I’ve never particularly liked travelling with large groups or being told where to go by somebody else. I prefer to find out for myself.
-Michael Palin

There’s great joy in planning a vacation, and it’s been a long time since I was able to do such planning–and even longer since I last took the initiative to plan a trip beyond a few basics.

This is different from the traveling I had been doing for the last two years—as I was working while on the road, I didn’t feel like I was on any sort of vacation, except for that week I took off to see the sights in Cambodia. Sure, I was seeing sights while working, but it was only weekend sightseeing and adventures for all that time. There were also the couple visa runs I had to make while staying in Taiwan—last-minute booking for a three-day trip to Singapore isn’t quite the same as making plans in advance.

Quite a view. Feel like I did something wrong on my trip to end up here
Quite a view. Feel like I did something wrong on my trip to end up here

Now that I’m back to the grind and living in a cubicle (not literally, but sometimes it feels that way) I get to enjoy time off from work, albeit infrequently. I’m fortunate enough to work for a Taiwanese company that offers paid time off in addition to national holidays. I also get to exchange my overtime shifts for more paid time off.

tonle sap
View from the boat a nine-year-old told me to take in Cambodia

I’m not particularly good at planning trips–just ask my friend Laura in NJ; she’s planned more of my trips while talking with me online than I have. There was also that time I asked my friend’s son for advice on my method of transportation in Cambodia (a nine-year-old can choose wisely). Most of my plans revolve around restaurants and bars, and sometimes hikes on which I get lost. I seem to find my way to the tourist attractions somehow–I wasted an extra day or two by not planning sightseeing in Seoul when I could’ve combined a few destinations in one trip.
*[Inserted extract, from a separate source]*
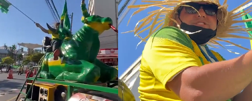 Animado, Carlos Henrique gritava o “gado chegou” e ainda balançava uma bandeira do Brasil. “Nós viemos fardados de gado porque é disso que a oposição nos chama. Estamos aqui para mostrar nossa humildade, que nós somos gado, mas gado patriota. Gado na sede de conquistar boas coisas pra nação brasileira”, disse o trabalhador, em entrevista ao Brasil de Fato.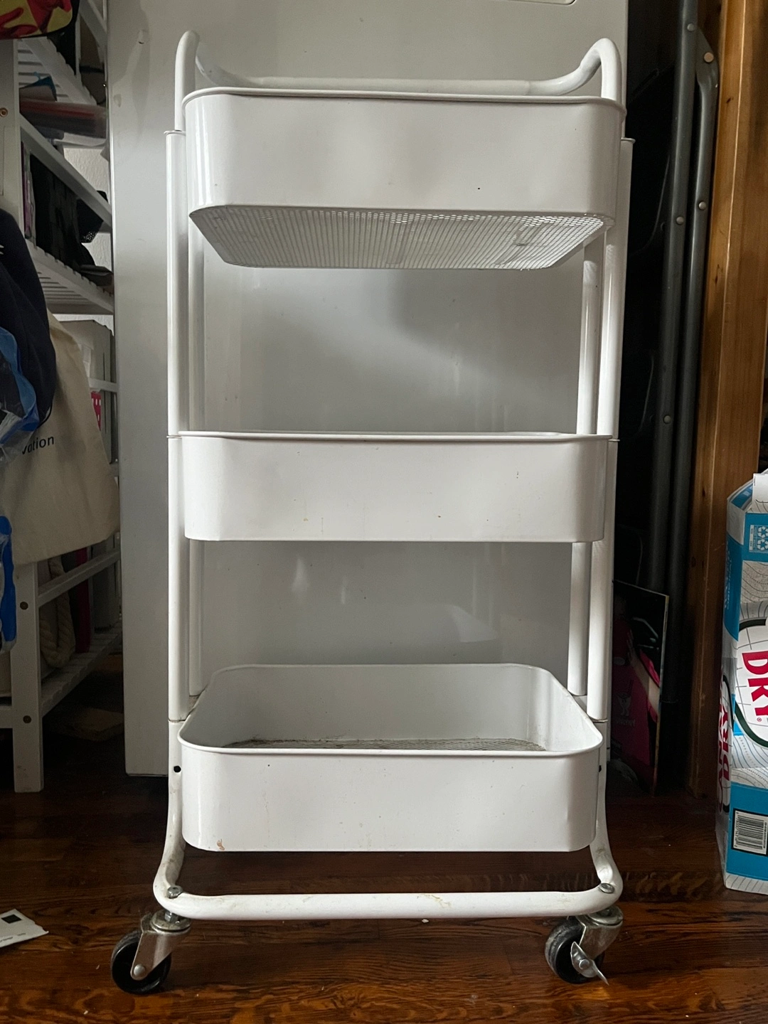 Three-tiered rolling cart. White metal frame. Each shelf is a rectangular bin. Small wheels for easy mobility. Some minor wear.

Entirely unplanned stop at Pura Desa Batuan in Bali. Just told the driver to stop the car to have a look.
Entirely unplanned stop at Pura Desa Batuan in Bali. Just told the driver to stop the car to have a look.

I make lists of things to do and places to see, but I have never planned out my itinerary beyond a city and a hotel (call it my rebellion against my parents’ vacation planning). It certainly would explain why I get lost so often.

I'm not sure where this is going, but it must be the right direction
I’m not sure where this is going, but it must be the right direction

And that’s pretty much what I have done for my next trip. I’m traveling back to Indonesia–I’ve only been to Bali back when I was an expat in China. This time, I’m heading for a place I didn’t know about when I lived in China: Yogyakarta. A destination I have been longing to see for the last three years. I planned to stay there a month almost two years ago, but the budget airline website wouldn’t recognize my credit card to book a flight from Saigon, which is how I ended up in Taipei the first time.

Yes, I am a haphazard travel planner. I’ve mentioned it before. Sometimes it works out for the best–it leaves room for more options. Other times it limits possibilities (seriously, how far of a walk was that in Kyoto?).

This map isn't helping...
This map isn’t helping…

Perhaps on this four-day trip  I have through Yogyakarta and Borobudur I’ll plan more than I have in the past. With limited time and plenty to see and eat, I have to make the most of my stay, though I know I won’t be able to see and do everything I want.

Here is my list of things that I have done in the past (and will probably do again) that are generally not good travel-planning habits:
  1. I’ll meet people when I get there and just go along with them (alright, sometimes this works, but not often)
  2. Read the guidebook on the plane and fall asleep instead; save the guidebook for breakfast speed-reading
  3. Book a hotel the day before arrival, and only book it for one night because it’ll be easy enough to find another; then get locked out of the hotel because you were searching for a better one in Hanoi until only 11pm
  4. Just find a hotel in the main tourist area upon arrival…after 10pm
  5. Check out the tour options and prices after arrival
  6. Book a hotel without referencing a map with popular tourist sites for distances (hey, who doesn’t like a three-mile walk through Reykjavik in January?)

What are some of your bad travel-planning habits? Have you broken any of those habits?